Work task. Copy exactly, and only, the lines from the one with "Mazaní papoušci: Kakaduové" to the end of the listing; omit pictures.

Dataset excerpts.

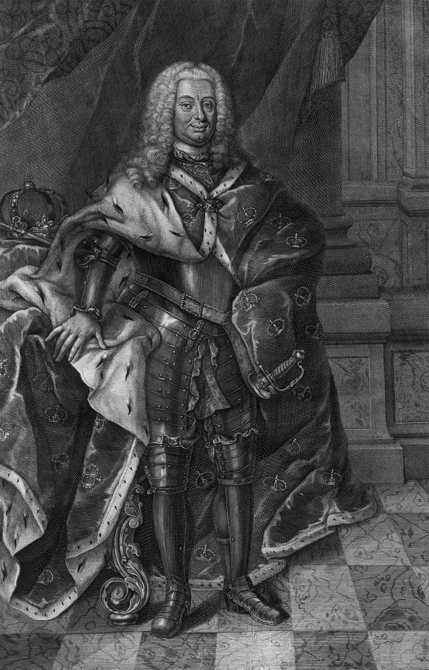 (Nordberg, Jöran Andersson). Leben Carl des Zwölften Königs in Schweden mit Münzen und Kupfern (übersetzt von J. H. Heubel). Bände I und II (von 3). 8 (statt 9) Bl., 704 S.; 1 Bl., XVI, 767 S. Mit 2 Kupfertiteln, 4 gestochenen Portraits, 2 Wappenkupfern, 24 (13 gefaltet) gestochenen Karten und Plänen, 248 gestochenen Textvignetten (teils halbseitig) sowie 42 gestochenen Initialen. 39 x 25 cm. Pergament d. Z. (Band I; etwas fleckig und berieben) bzw. Halbleder d. Z. (Band II; stärker berieben, mit Schabspuren, Ecken und Kapitale bestoßen, Rücken stellenweise überstrichen) mit RVergoldung und goldgeprägtem RSchild. Hamburg, Rudolph Beneke, 1745-1746.
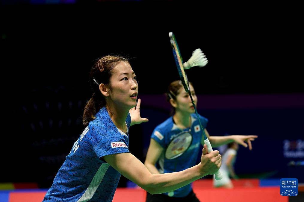 5月1日,日本队组合松山奈末(左)/志田干阳在女双比赛中。她们2比1战胜印度尼西亚队组合玛雅萨利/西蒂。新华社记者 侯昭康 摄
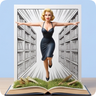 Custom CM Naruto pop up book featuring a stylized blonde woman leaping from an open book surrounded by bookshelves.
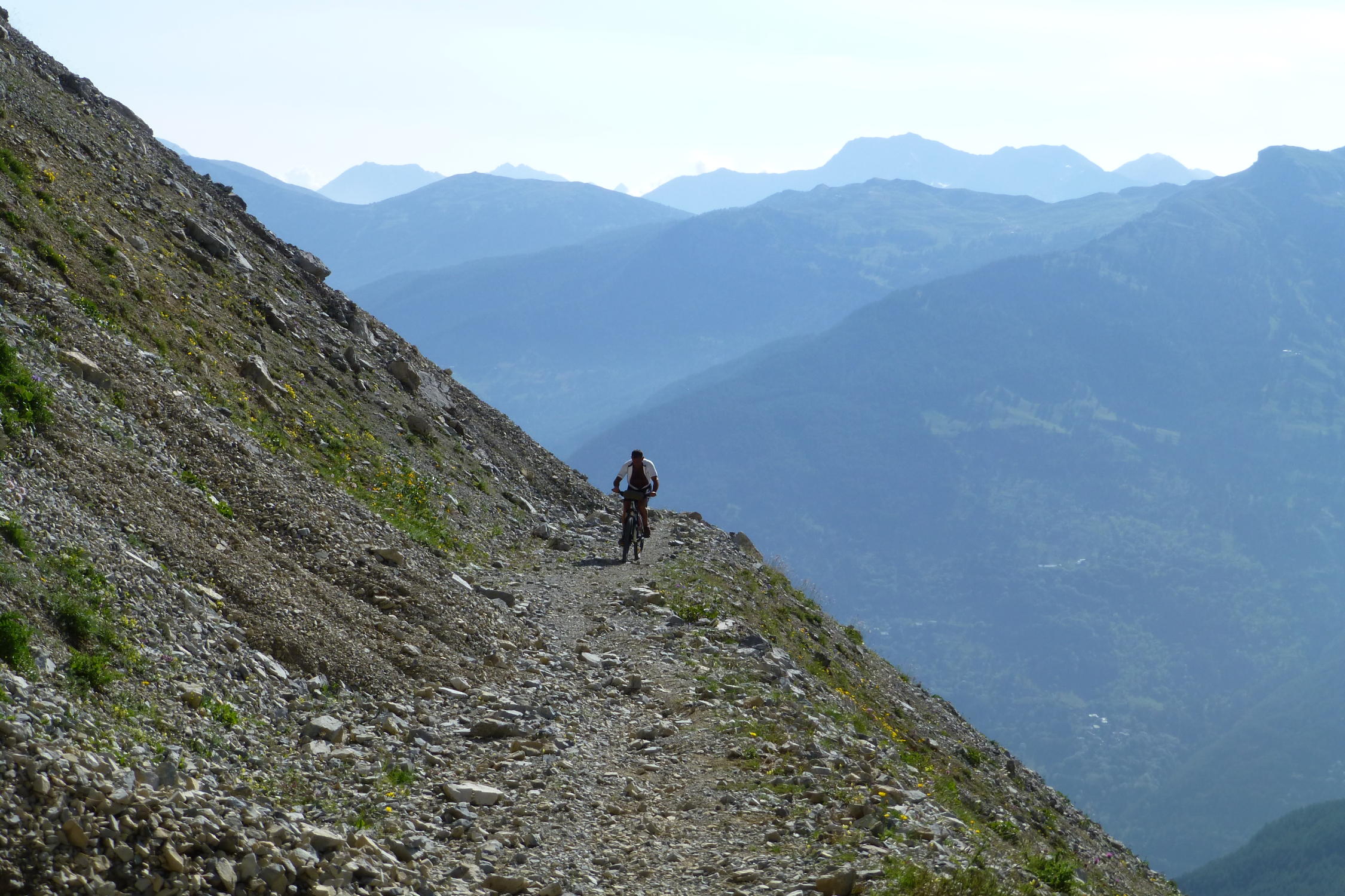 Von Fenils Val di Susa auto etwa 1 stunde von Torino, Gratis park , mit MTB militar strasse 100% MTB bis etwa 1900, dann recht richtung bis MTB/PUSH 30%/70%, uber 2650m MTB/PUSH 80/20%, abstieg gut von Gipfel Bis in Tal
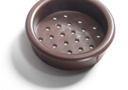 Lüftungsrosette (braun) aus Kunststoff ø 39 mm Ausführung: mit Abdeckrand Montage: zum Einlassen Lochung: ø 2 mm Technische Daten: Material: Kunststoff Farbe: weiß Maße (⌀ x T): 37 mm × 3,3 cm Packmaß: 3,2 × 3,3 × 0,8 cm Gewicht: 3 g
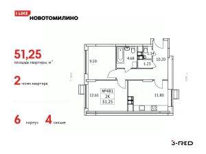 Продается 2-комнатная квартира общей площадью 51,25 кв.м. на 14 этаже 17-этажного дома. Квартира расположена в стильном жилом комплексе "Новотомилино" от застройщика 3-RED. Удобная и практичная планировка дарит максимально широкие возможности для создания интерьера и позволит рационально использовать каждый сантиметр.
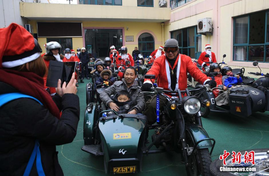 12月21日,圣诞老人骑行公益行动在上海举行,30多位来自社会各行业的青年骑士们,穿上圣诞老人服装,带着礼物,发动各自的边三轮摩托,来到自闭症儿童学校,载着孩子们行游上海滩,用他们的实际行动,演绎了“圣诞骑士爱心飞驰,自闭儿童和爱同行”欢乐圣诞之旅。潘索菲 摄
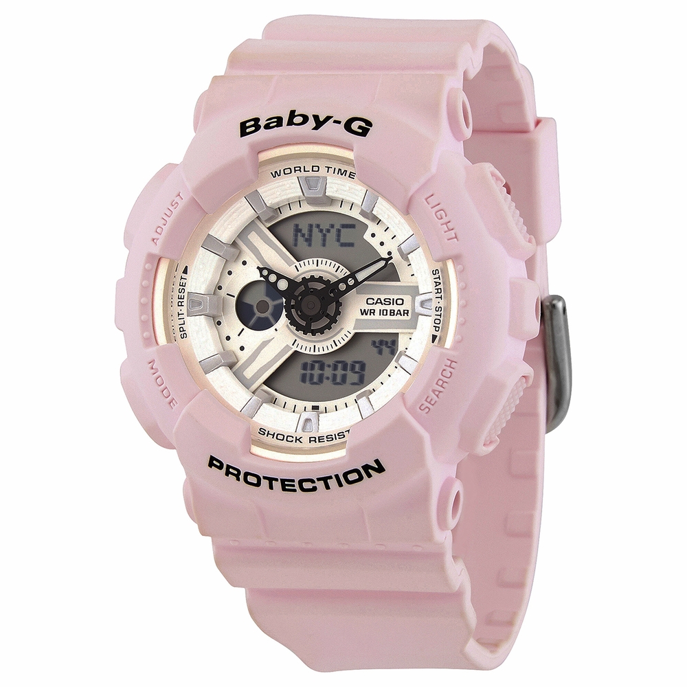 Pink resin case with a pink resin strap. Fixed pink resin bezel. Digital dial with black hands and index hour markers. Minute markers. Dial Type: Analog-digital. Luminescent neobrite. Digital sub-dials. Quartz movement. Scratch resistant mineral crystal. Solid case back. Round case shape. Case dimensions: 46.3 mm x 43.4 mm. Case thickness: 15.8 mm. Tang clasp. Water resistant at 100 meters / 330 feet. Functions: hour, minute, second, world time (29 time zones), 1/100-second stopwatch, countdown timer, 5 daily alarms (with 1 snooze alarm), 12/24-hour format. Baby-g Series. Sport watch style. Item Variations: BA110BE-4A, BA-110BE-4A. Casio Baby-G Alarm World Time Quartz Analog-Digital Ladies Watch BA110BE4ADR.
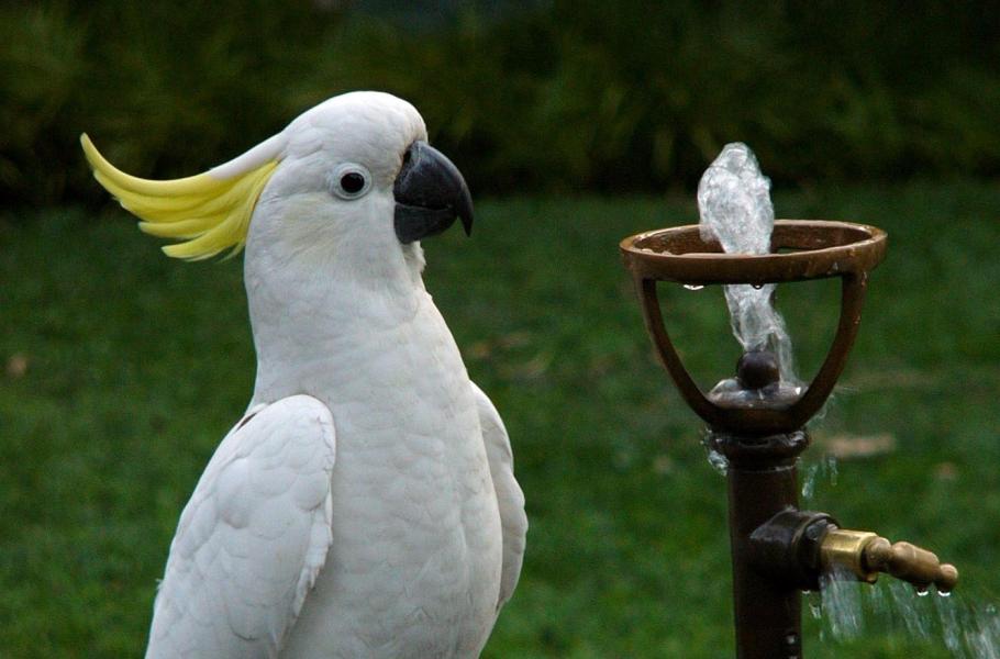 Mazaní papoušci: Kakaduové ze Sydney se naučili pít z fontánek
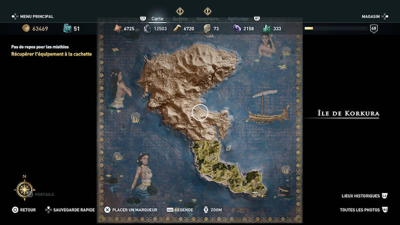 Sous couvert de vacances, ce DLC gratuit nous propose un tout nouveau terrain de jeu et une histoire originale naturellement avec le fameux contenu gratuit, ajouté par Ubisoft 3 ans après la sortie du jeu de base. La fameuse mission "La grande évasion" s'active via une icône violette sur l'île de Kephallonia et promets à notre héros des vacances bien méritées. Attention tout de même à faire ce contenu au moins après l'aventure principale car elle spoile d'elle-même certains événements. En bref, Alexios / Kassandra va prendre des vacances sur l'île de Korkura (aussi connue sous le nom de Corfou ou Corcyre). Comme à son habitude, cette île existe vraiment, mais elle est bien loin du terrain parcouru dans le jeu. Cette île grecque se situe sur la façade ouest du pays, à proximité de sa frontière avec l'Albanie. Elle trempe sur cette partie de la Méditerranée (ou plutôt son bras appelé la mer ionienne) piégée entre l'Italie et l'Est de l'Europe.

Answer.
 Mazaní papoušci: Kakaduové ze Sydney se naučili pít z fontánek
 Sous couvert de vacances, ce DLC gratuit nous propose un tout nouveau terrain de jeu et une histoire originale naturellement avec le fameux contenu gratuit, ajouté par Ubisoft 3 ans après la sortie du jeu de base. La fameuse mission "La grande évasion" s'active via une icône violette sur l'île de Kephallonia et promets à notre héros des vacances bien méritées. Attention tout de même à faire ce contenu au moins après l'aventure principale car elle spoile d'elle-même certains événements. En bref, Alexios / Kassandra va prendre des vacances sur l'île de Korkura (aussi connue sous le nom de Corfou ou Corcyre). Comme à son habitude, cette île existe vraiment, mais elle est bien loin du terrain parcouru dans le jeu. Cette île grecque se situe sur la façade ouest du pays, à proximité de sa frontière avec l'Albanie. Elle trempe sur cette partie de la Méditerranée (ou plutôt son bras appelé la mer ionienne) piégée entre l'Italie et l'Est de l'Europe.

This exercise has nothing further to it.